━━ Supplied data ━━
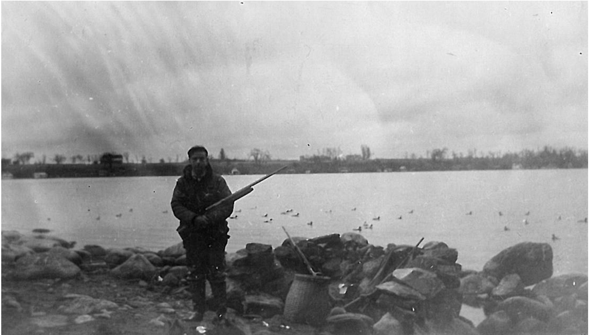
Hunting at Drummond's Island, c. 1943
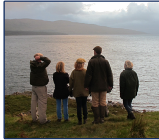
Not a bad view! Looking towards the Isle of Mull during a trip to Scotland last week
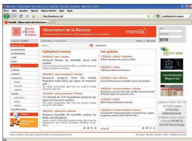
Fig. 1. MERIDIÀ web portal
━━━
## Task item
Without the images, write out each line of the data verbatim.

## Answer box
Hunting at Drummond's Island, c. 1943
Not a bad view! Looking towards the Isle of Mull during a trip to Scotland last week
Fig. 1. MERIDIÀ web portal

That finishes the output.